◆ Aim of the task ◆
Reproduce word for word the lines from the beginning of the entries to the line with "The photo has", both included, but none of the pictures.

◆ Data to examine ◆
= = = = = = =
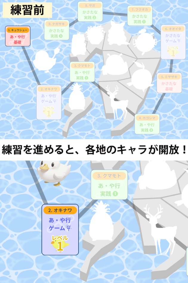 タイピング練習の項目は基礎、ゲーム、実践の3種類あります。ひとつの練習を完了すると、次の練習項目が開放されます。練習の進捗が視覚的に把握できます。日本、世界、宇宙…ですべての項目をクリアすると、全てのキャラが開放され、タイピングをマスターしたことになります。
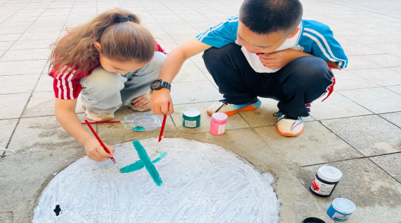 随后,孩子们早已按捺不住内心的兴奋,纷纷拿起画笔,瞬间化身为充满创意的“小小艺术家”。他们有的独自沉浸在自己的绘画世界里,全神贯注地勾勒着心中的美好画面,眼神中透露出专注与执着;有的则与身边的小伙伴相互协作,你一言我一语地讨论着绘画思路,分工合作,共同完成一幅作品。
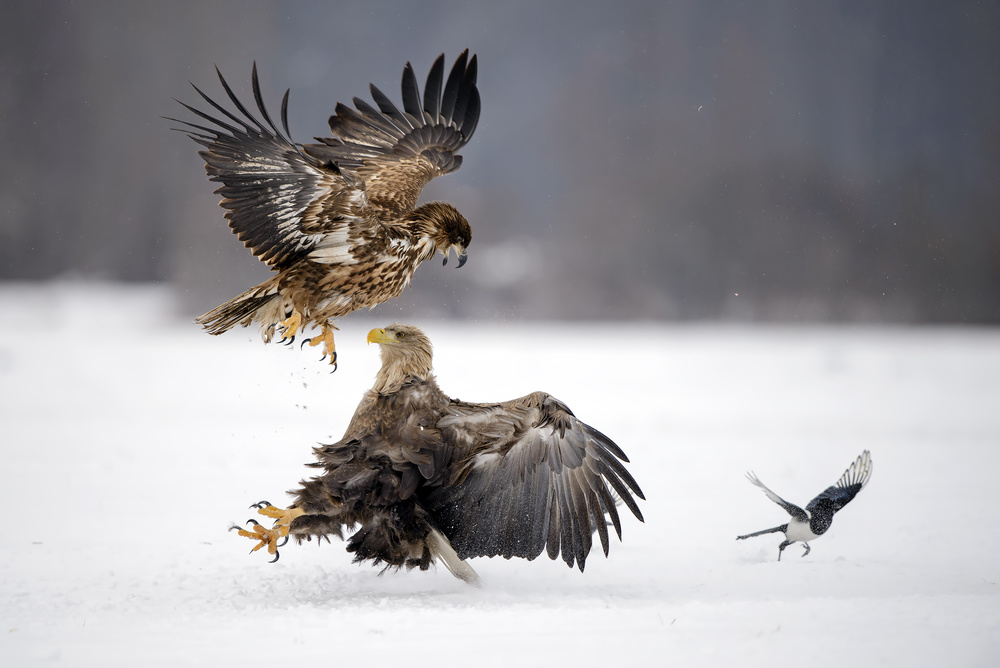 The photo has an intense interaction. There is an effective separation between the birds. It's sharp and has good impact.
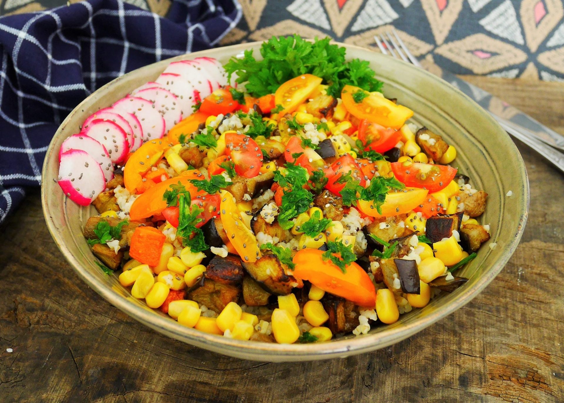 - Le mercredi :Coupez les deux tiers des tomates cerise en deux, les radis en rondelles (gardez 5 à 6 radis pour les tartinades) et ajoutez-les à la salade de boulgour aux légumes. Ajoutez également un peu d'oignon nouveaux coupé en petits morceaux. Arrosez avec la vinaigrette au persil, saupoudrez avec les graines de chia et ajoutez quelques amandes. Décorez avec un peu de persil haché grossièrement,
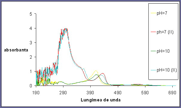 La lungimea de unda 450 bazicitatea este reprezentata sus si aciditatea jos. Se mai poate spune ca in intervalul 480 - 520 nm unde pentru pH 10, pH 11, pH 12, pH 13 curba U este aceeasi iar de la pH 2 pana la pH 9 curba este invers.
= = = = = = =
◆ Solved exercise ◆
 タイピング練習の項目は基礎、ゲーム、実践の3種類あります。ひとつの練習を完了すると、次の練習項目が開放されます。練習の進捗が視覚的に把握できます。日本、世界、宇宙…ですべての項目をクリアすると、全てのキャラが開放され、タイピングをマスターしたことになります。
 随后,孩子们早已按捺不住内心的兴奋,纷纷拿起画笔,瞬间化身为充满创意的“小小艺术家”。他们有的独自沉浸在自己的绘画世界里,全神贯注地勾勒着心中的美好画面,眼神中透露出专注与执着;有的则与身边的小伙伴相互协作,你一言我一语地讨论着绘画思路,分工合作,共同完成一幅作品。
 The photo has an intense interaction. There is an effective separation between the birds. It's sharp and has good impact.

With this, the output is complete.